В тот месяц, когда началась Вторая мировая война, Макса и Эрнста Гогенбергов вместе с почти тысячей заключенных перевели в концентрационный лагерь Флоссенбюрг в горах Баварии. Дахау временно понадобился для обучения военных. Флоссенбюрг построили чуть ли не напротив Фалькенау, одного из судетских поместий Фрица; их разделял только горный перевал. В лагере содержались уголовники со стажем, и они очень негостеприимно встретили политических заключенных, коммунистов, гомосексуалов, Свидетелей Иеговы и других «противников режима», доставленных из Дахау[765].
Узники Флоссенбюрга работали или на соседнем авиастроительном заводе, или в глубоких гранитных каменоломнях. Для гигантских строительных проектов Гитлера постоянно требовались камень и кирпич. Эрнст и Макс и здесь чистили нужники, но теперь уже без черпака и тележки. Отходы человеческой жизнедеятельности из переполненных уборных они выгребали голыми руками[766]. Сыновей Франца-Фердинанда старались унизить особенно изощренно.
В том году холода наступили рано, с ледяными дождями, обильными снегопадами и температурой порой до минус сорока.
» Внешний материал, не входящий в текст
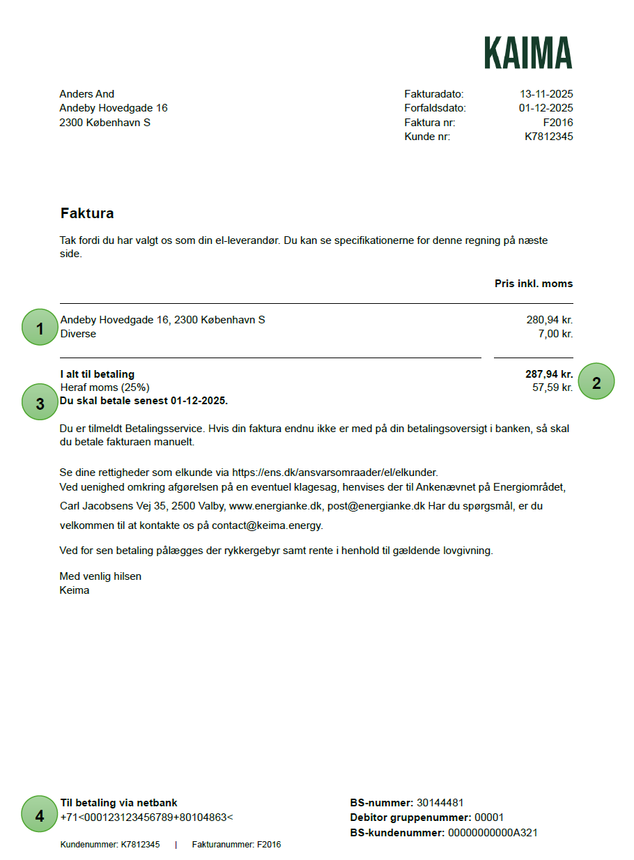 3. Her ser du regningens forfaldsdato, altså den dato regningen senest skal være betalt.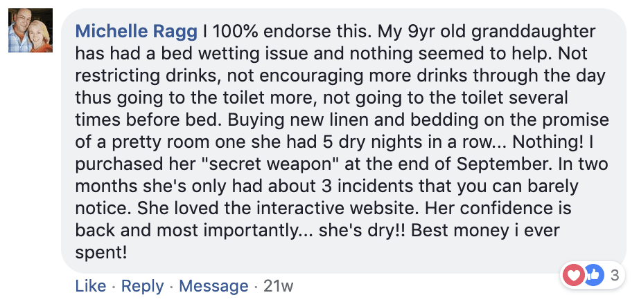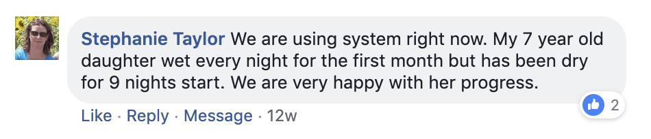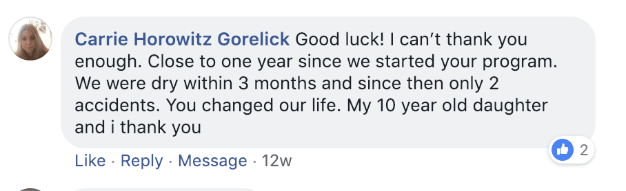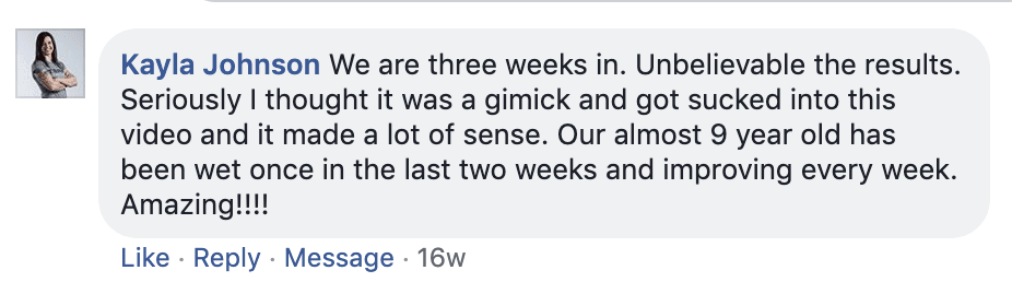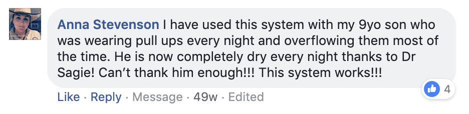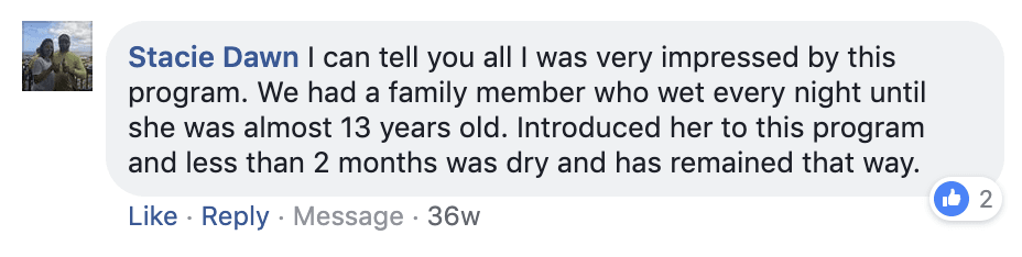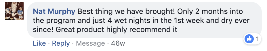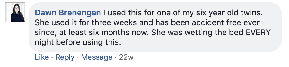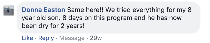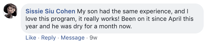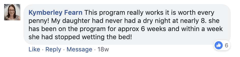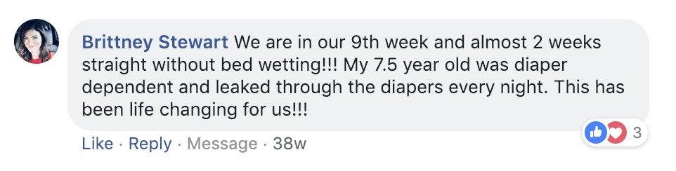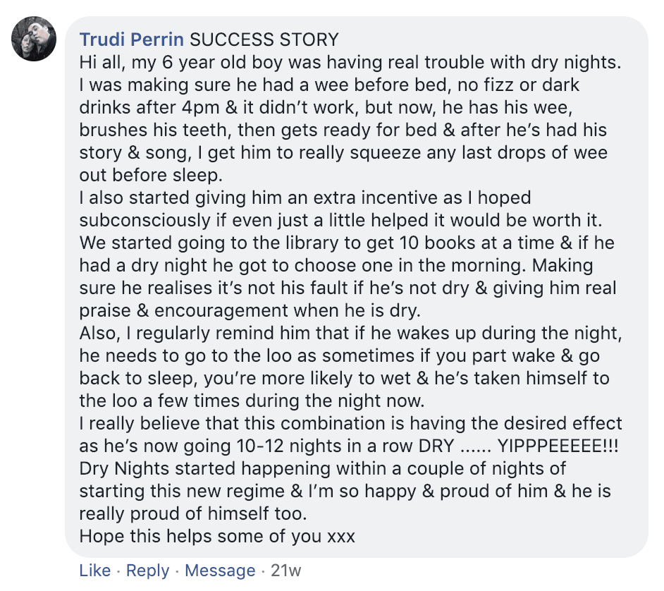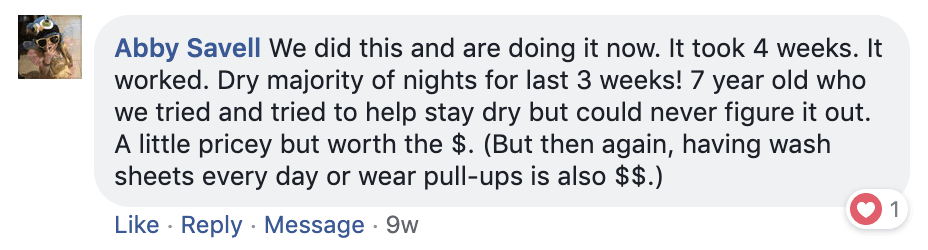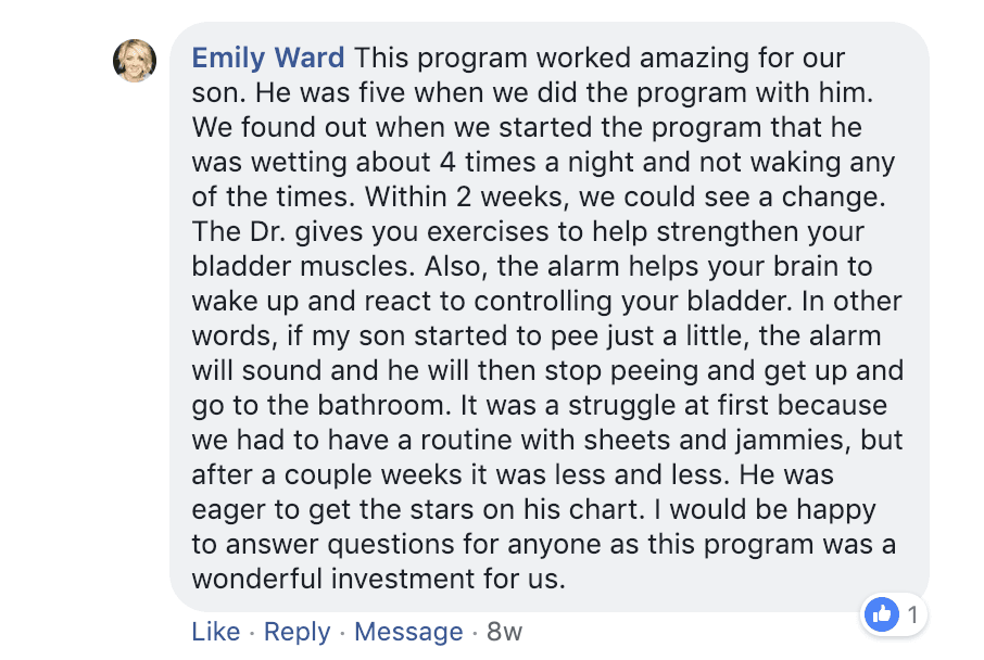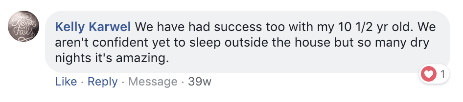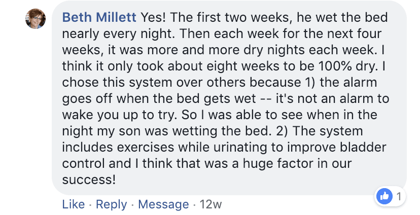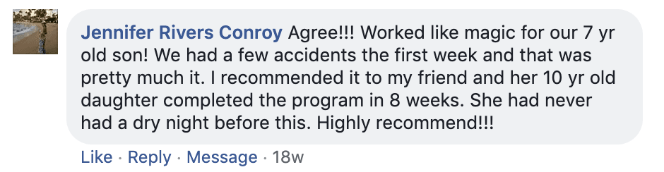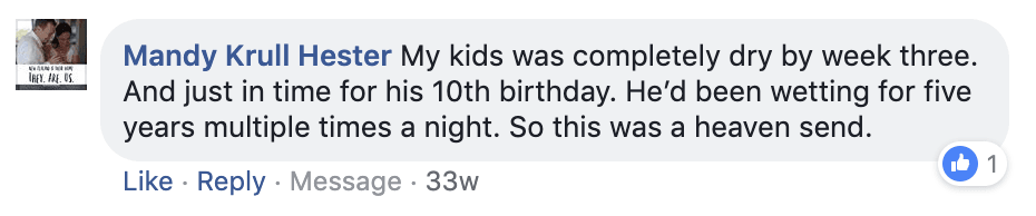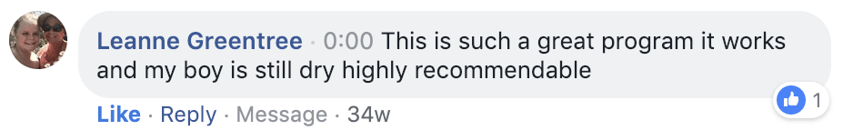 “…I wanted to let you know that Josh has had 30 straight dry nights! I can’t thank you enough for your help with this! He is looking forward to his first sleepover!!!…”

Зима 1940 г. стала самой холодной и длинной в истории Европы. Во Флоссенбюрге вспыхнула эпидемия дизентерии и брюшного тифа. Зараза распространялась так быстро, что охранников вывели за колючую проволоку, на внешний периметр. Там они грелись у костров и ждали, когда внутри все перемрут[767].
Эрнст, Макс и политический заключенный из Вены по имени Фридрих Митмайер, семидесяти одного года, ходили за больными и умиравшими. В лагере почти не осталось ни еды, ни медикаментов. Пережженный древесный уголь использовался для обеззараживания. Тем, кто от слабости не мог питаться сам, вливали в рот отвар мерзлой травы, по ложке за раз. Мертвых хоронили в братских могилах, выкопанных огородными вилами. Когда весной охранники снова вошли в лагерь, то с отвращением обнаружили там живых. Счет смертям шел на тысячи; но и газеты, и журнал Time сообщали о кончине лишь одного заключенного – принца Эрнста Гогенберга.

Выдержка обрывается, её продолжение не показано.